Magari non diventerete mai fotografi del “National Geographic”, ma non è meglio aver passato qualche mese facendo la Transiberiana in treno o lavorando e studiando tedesco a Berlino, che a casa aspettando la chiamata per un call center?
GAP YEAR
Un anno di viaggi, corsi, esperienze di lavoro
Questo sito, come il libro, si rivolge ai ragazzi che si avviano a concludere il liceo e le scuole superiori in genere, sempre più ansiosi per il proprio futuro, e ai loro genitori, spesso ancora più preoccupati Intende offrire stimoli e spunti ai giovani per prendere in mano la propria vita: alzarsi, giocarsela e, magari, pure divertirsi.

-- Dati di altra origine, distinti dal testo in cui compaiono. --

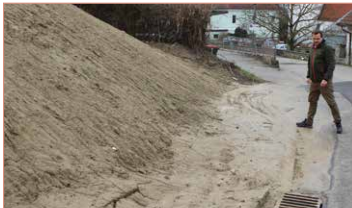
Begehung zur Besichtigung der Verunreinigungen und Abschwemmungen 10.03.2017

Bereits vor mehreren Wochen wurde seitens der Gemeindeverwaltung mit den zuständigen Baufirmen und Wohnungsgenossenschaften Kontakt, betreffend Stützmauern und Böschungen bei der aktuellen Baustelle - ehem. Seniorium, aufgenommen. Betreffend der aktuellen Abschwemmungen und Einleitungen des Erdreiches in den Kanal wurden die Baufirmen und die Wohnungsgenossenschaft ebenfalls informiert und es wurde die Behebung zugesagt.
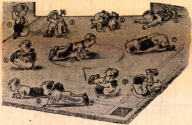
Всёко здравче — малко и голямо, тръбва да свикие сутрин да играе тия леки упражнения, които дават сила и здраве.
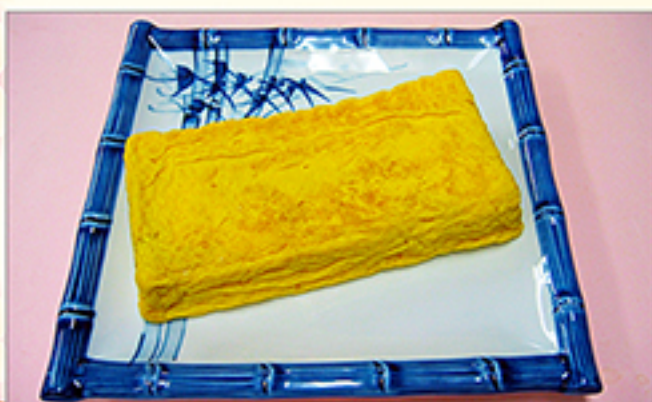
厚焼き玉子 (自家製) 770円
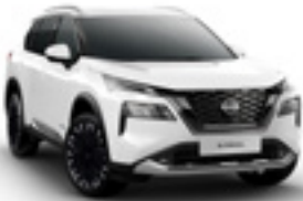
أبيض Solid White - QAK
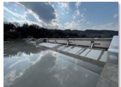
転倒ゲートの完成状況
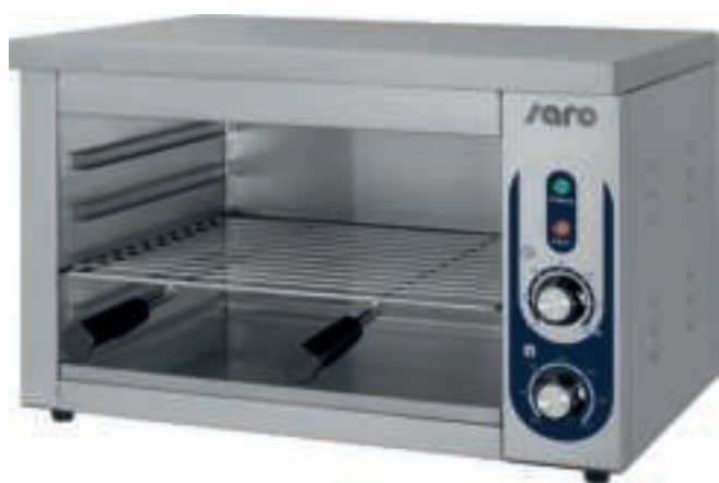
Modell LANA (443-1050)
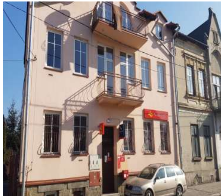
Zdjęcie przedmiotu wynajmu
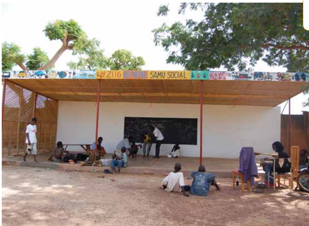
Répétition de théâtre au centre du Samusocial Burkina Faso.

Rupture scolaire et travail des enfants, rupture familiale et exclusion sociale, pour comprendre le phénomène des enfants des rues, il importe de mieux connaître les raisons de leur présence dans la rue et du passage à la vie dans la rue.
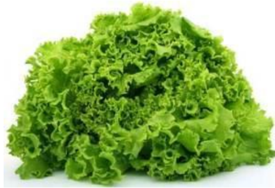
Slika 6. Lišće salate

Lišće salate (slika 6.) je sjedeće, okruglo, ovalno, a vanjsko lišće rozete je položnije i tamnije boje, dok je lišće glavice uspravnije i svjetlije. Listovi mogu biti različite nijanse zelene boje koji mogu biti sa ili bez izraženim pigmentima. Osim varijacija u zelenoj boji, listovi se mogu razlikovati i u nijansama crvenkasto-smeđe boje. Ovisno o sorti salate lišće je manje ili više nazubljeno.
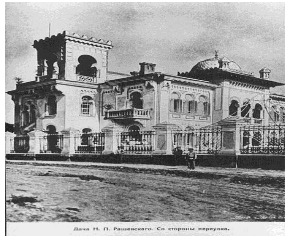
Рис. 10. Дача Макареско (дача Рашевского), 1890-е гг., арх. В. И. Шмидт. Фото [9]
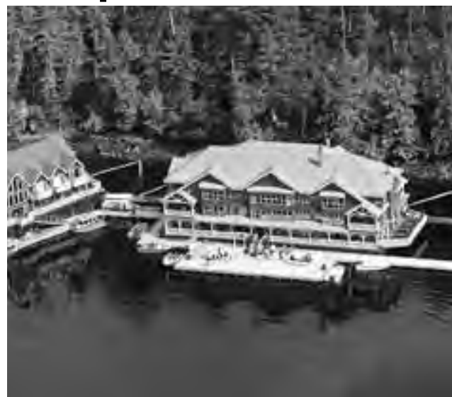
Hoteles flotantes: unas vacaciones nada corrientes sobre mares, ríos y lagos

Se mantienen amarrados durante toda tu estancia, pero la sensación del agua que fluye por debajo es impresionante. Una experiencia que no te deberías perder.
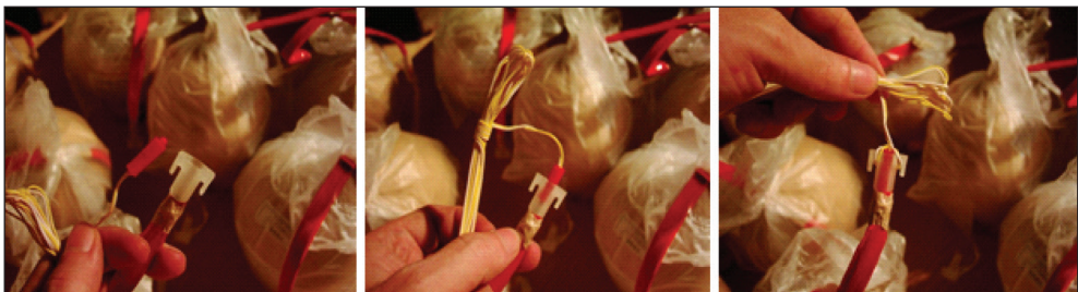
8. kép: Pirotechnikai test izzógyújtóval történő élesítésének lépései (készítette: Patyi György)

Az izzógyújtó az izzógyújtófejből és a ráforrasztott két, megfelelő hosszúságú, mipolán szigeteléssel ellátott, ónozott vashuzal vezetékből álló, pirotechnikai termékek (bombák, mozsarak, stb.) indítására szolgáló gyújtó (indító) eszköz. (8. kép)

Lo strumento suggerito è il Gap Year, un anno di viaggi, corsi, esperienze di lavoro, che di solito si colloca dopo le scuole superiori e prima di iniziare l’università o la vita lavorativa.
Fatto nel modo giusto, un Gap Year integra la formazione e rende il CV molto più interessante agli occhi dei selezionatori, sia accademici sia aziendali. Ma il maggiore beneficio si avrà a livello di crescita personale, di quella autostima e autonomia indispensabili per realizzare qualunque progetto di vita.

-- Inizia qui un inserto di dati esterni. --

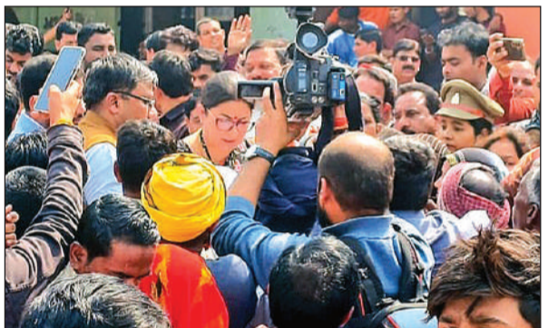
जन संवाद विकास यात्रा के दौरान समस्याएं सुनती केंद्रीय मंत्री स्मृति ईरानी।

अपने चार दिवसीय भ्रमण पर सोमवार को केंद्रीय मंत्री स्मृति ईरानी बाजार में बनाए गए चौपाल स्थल पर 12 बजे पहुंचीं। गाड़ी से
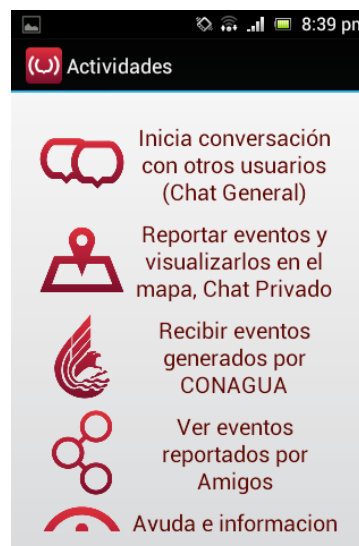
Figura 2 Pantalla de actividades de la aplicación.

El registro del usuario se hace con la red social de su elección, Facebook o Twitter , por el momento se tiene solo estas 2 opciones, pero se tiene contemplado agregar más redes sociales, ya que esta característica es una de las que potencian la comunicación de la información que pretende la aplicación propagar. En la aplicación cliente existen 4 principales características que se describen a continuación. Ver Fig. 2.
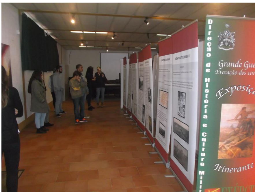
4. – Alunos informam-se acerca do Corpo Expedicionário Português (CEP) e da Batalha de La Lys
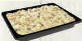
ENSALADILLA RUSA 2 KG. Cod: 1861

Oggi sacrificare le proprie passioni in nome di un sano realismo non porta a comodi, per quanto forse noiosi, posti fissi e il laureato mediano, costretto a passare da voucher a collaborazioni intermittenti e senza prospettive, non se la passa meglio del collega che non ha sfondato come artista ma vivacchia con qualche collaborazione, un blog e un canale YouTube. Se si hanno delle passioni oggi è “razionale” seguirle, smentendo secoli di buonsenso familiare.
Il Gap Year, concentra in alcuni mesi tutta una serie di esperienze e attività di sviluppo personale e professionale, proponendosi come soluzione ideale in termini di efficacia ed efficienza.

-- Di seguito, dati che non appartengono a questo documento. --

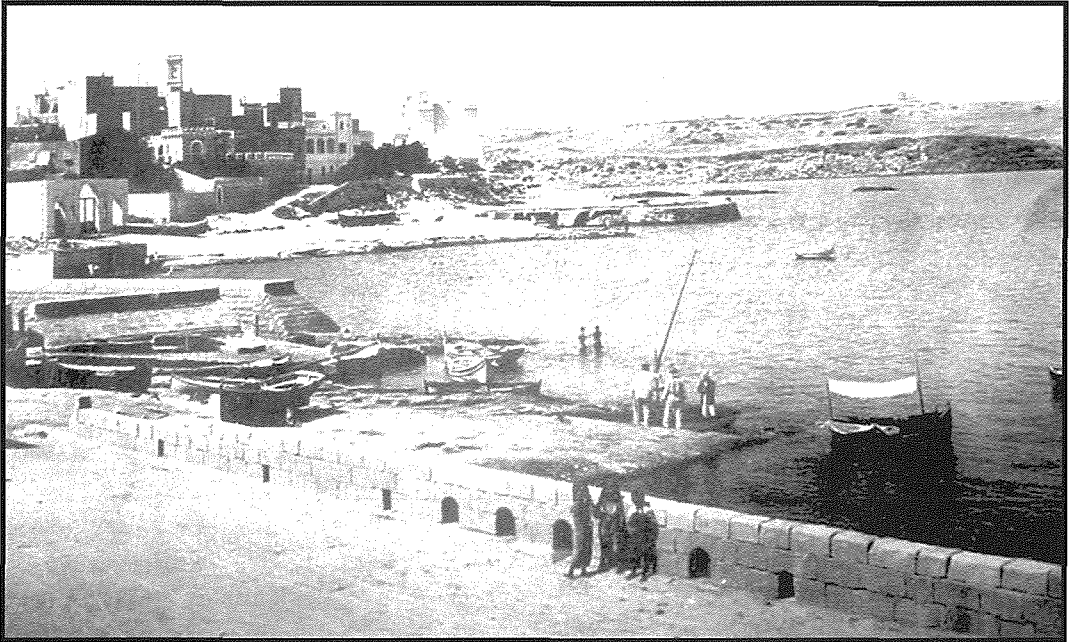
Veduta ta' San Pawl il-Baħar fil-bidu tas-Seklu Għoxrin
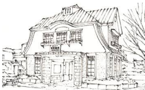
3、窓の細部 背景を細かく描き 最後に駅名も書いておきましょう
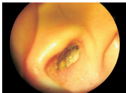
Figura 2 – Otomicose à otoscopia [15]

Existem vários factores predisponentes ao desenvolvimento de uma otomicose, nomeadamente excesso de cerúmen (propicia o crescimento de fungos), instrumentalização do ouvido, imunossupressão ou utilização recente de corticóides
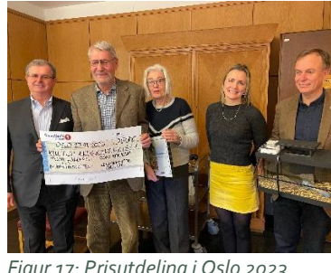
Figur 17: Prisutdeling i Oslo 2023

Efficacia in quanto alcune esperienze richiedono tempi e contesti compatibili solo con mesi di full immersion. Efficienza in quanto, ad esempio, tre mesi di full immersion in loco costano meno e rendono di più che anni di corsi serali per imparare una lingua.
Un Gap Year è utile non solo a chi, legittimamente a 18 anni, è ancora confuso circa il proprio futuro e le proprie priorità, ma anche a chi ha o, meglio, pensa di avere le idee chiarissime. Un periodo di verifica può rafforzare determinate scelte e inclinazioni oppure, sorprendentemente, sconvolgerle.
Contemporaneamente, offre una irripetibile opportunità di avventura e divertimento
Un Gap Year può essere un investimento essenziale per:
- crescere come individui attraverso esperienze forti e indimenticabili;
- capire cosa si vuole dalla vita (se ancora non lo sapete);
- prepararsi al meglio per quello che si vuol fare nella vita (se già lo sapete) e acquisire skill importanti (anche se non lo sapete).
Un Gap Year ha molte ricadute positive. In estrema sintesi, serve a:
- maturare e crescere;
- conoscere meglio se stessi e i propri obiettivi personali e professionali;
- prepararsi per raggiungere tali obiettivi.
Andrea Di Maio, managing vice president di Gartner Research
“La caratteristica più importante oggi, nel mondo del lavoro, è la volontà e la capacità di imparare continuamente. Nel mondo di oggi, che cambia senza sosta e velocemente, non solo dal punto di vista dell’evoluzione tecnologica, se non si è capaci di continuare a imparare non si va da nessuna parte. È quello che verifichiamo anche nei nostri colloqui. Quindi è un’ottima idea usare il Gap Year per fare cose diverse, che non hai mai fatto prima, per continuare ad apprendere: per chi ha fatto studi classici, per approfondire temi scientifici e tecnologici. Per chi ha una formazione scientifica o tecnica per esplorare materie umanistiche. Con la velocità attuale dell’innovazione, anche studiando materie avanzatissime, si rischia in pochi anni di avere in mano competenze inservibili. È vitale la capacità di confrontarsi con cose nuove, di gestire i cambiamenti. L’unica cosa da fare è esporsi a tante esperienze, le più varie possibili. Quando assumiamo, assumiamo gente che ha fatto le cose più assurde: gente che ha fatto teatro, ha fatto volontariato, che magari ha anche fallito a fare tre o quattro lavori. Molti arrivano dopo un percorso lineare, pensando di sapere tutto. Poi si rendono conto che il mondo è molto diverso. Non fa male conoscerlo prima, un po’ di mondo.”